Many will be surprised to know that I was present at every Food & Wine Classic held in Wagner Park for about 20 years, and never did I miss a Grand Tasting held in the big tent. During that time, I held four passes, which I generously shared with other connoisseurs of fine wine and dining, people much like myself, and at the end of the day, after a magnificent whetting of my appetite, I would walk over to McDonald’s for a Big Mac and a bag of fries.
I’ve since given up on the Food & Wine Classic, over-satiated with its predictable menu of events and distraught at the interminable abuse of the park, but I hadn’t completely given up on McDonald’s.
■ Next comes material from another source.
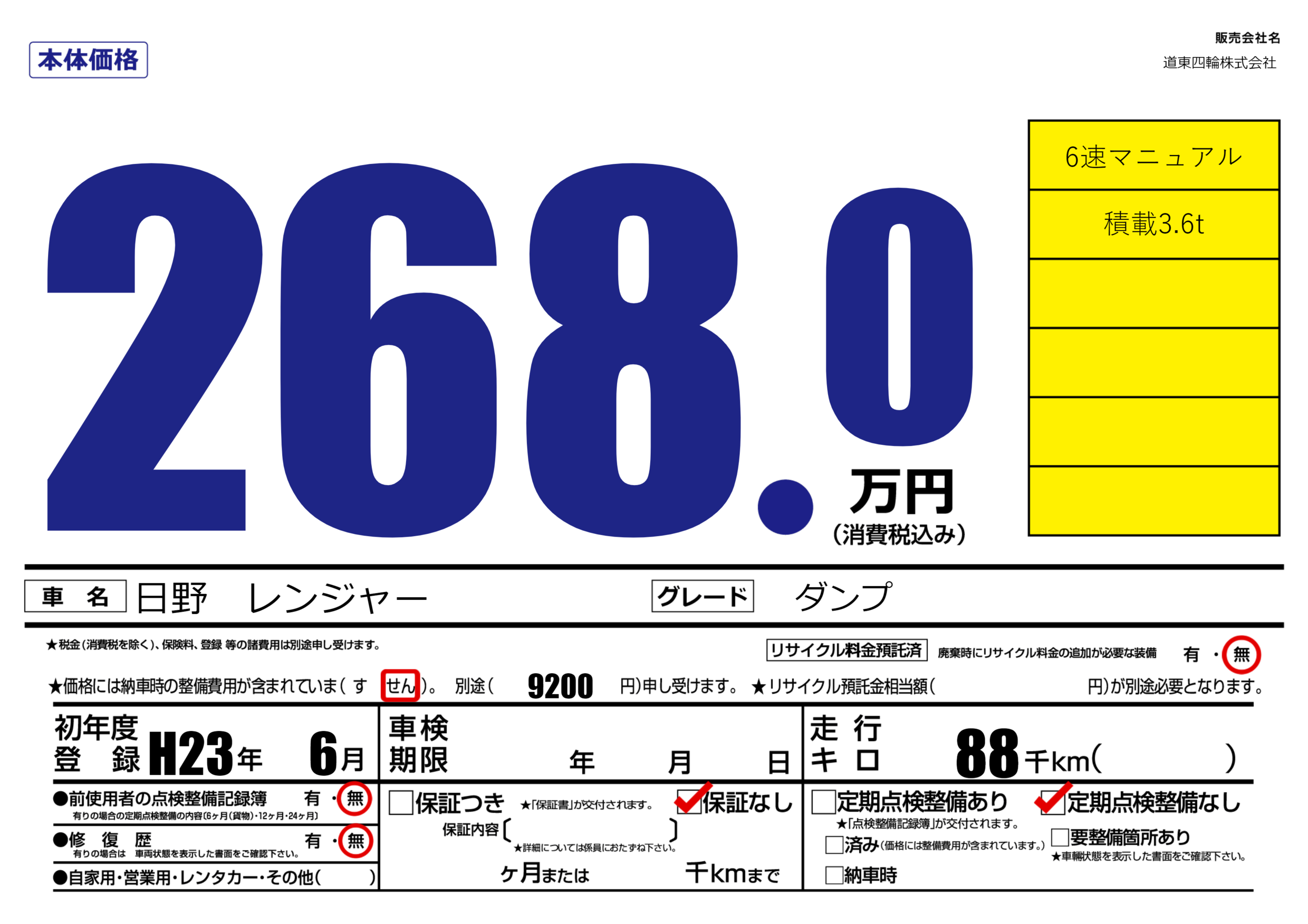 | 車名 | 日野 レンジャー | グレード ミッション 排気量 |

My girlfriend Margaret and I would sometimes head that way for a taste of ice cream after dining at some high-end restaurant. For those who shudder at such assumed palate abuse, may I say, “Je ne sais quoi.”
Back to the boarder who got tossed out of the chair at Highlands: If, in fact, the story fits the telling, then we have a serious problem. But it’s not the first act of ferocity to hit the slopes and likely not the last. Why is it that some people wear their inferiority complexes so close to the surface that a chairlift ride with a stranger can elicit such behavior?
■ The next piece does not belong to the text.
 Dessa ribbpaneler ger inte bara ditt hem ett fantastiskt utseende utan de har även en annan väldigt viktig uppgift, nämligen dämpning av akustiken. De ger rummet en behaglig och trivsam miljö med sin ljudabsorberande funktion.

If you ask my friend Sally from Aspen Mountain, you’ll be informed that we’ve dealt with a few crazies over the years, people who shouldn’t be out in public. My last serious encounter, a couple of years ago, was with a “local” who tried to push me off Tower 7 Road because he didn’t like my ambassador uniform. When that didn’t work, he tried to stab me in the face with his ski pole but wasn’t quick enough to get the job done. When he finally caught me at the bottom of the gondola and threatened to turn me in to Michael, whoever that was, I told him I hoped no one would pull his pass for his actions. At that, he crumpled into subservience and headed down the stairs, skis over his shoulder.
But the attitude of belligerence seems to have been amped up, and many people just seem angry in general. As mentioned a few weeks ago, my temporary return to my house in the Willits neighborhood was an eye-opener. To fully understand, you should know that when I bought that place over 25 years ago, my view out the window was of hay meadows, grazing cattle and, in the winter, a small herd of elk. My neighbors were Pete Glassier and Lee Willits, two solid, pioneer ranchers. Now it’s the Willits commercial subdivision — called West Basalt by the unimaginative Basalt Board of Trustees.
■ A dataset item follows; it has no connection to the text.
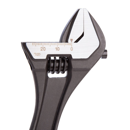 The Bahco 8071 Adjustable Spanner is able to withstand high torque loads in many trades. It has been specially heat-treated for the utmost strength, durability and corrosion resistance and features tapered jaws with a 15-degree head angle. The fixed jaw has a measurement scale to indicate the approximate size of nuts, bars and screws and its comfortable handle ensures a secure grip.

It’s different now. It’s a little city down there, and I’ve grown up with the changes and have some very good friends in the neighborhood, but the amount of traffic that uses Willits Lane and the warlike nature of some of the people are bothersome. Both my dog Topper and I got tired of the hand gestures and the “F— yous” yelled our way (coming mostly from big, bad diesel pickup trucks) as we tried to cross Willits Lane. We lasted a month.
There’s something disturbing about the insecurity one has that would compel him to push someone out of a chair on a high-speed quad, but we unknowingly do it to ourselves. Aspen’s a cool town, and it is unsettling to many trying to figure out how to fit in, feeling all eyes are on newcomers. What is acceptable attire in Bonnie’s or the Sundeck? Where’s “the” place for a downtown lunch or afternoon apres ski? Newcomers are afraid to say “hello” to strangers or to walk down the street, worried sick that their behavior isn’t “Aspen” enough.
Many young people today claim to be “locals” by virtue of the fact that they grew up “coming here.” They think they’re the only influential group in town and judge others based on their own relativity scale. Or how about the more adult crowd that claims to be local because they “summer here”?
It’s just too much stress for many folks, trying to belong in a town that really doesn’t care about all their self-absorbed bulls—. But let’s not take our inability to function and our need for relief out on fellow lift-riding strangers, even if they don’t ride the same boards we do.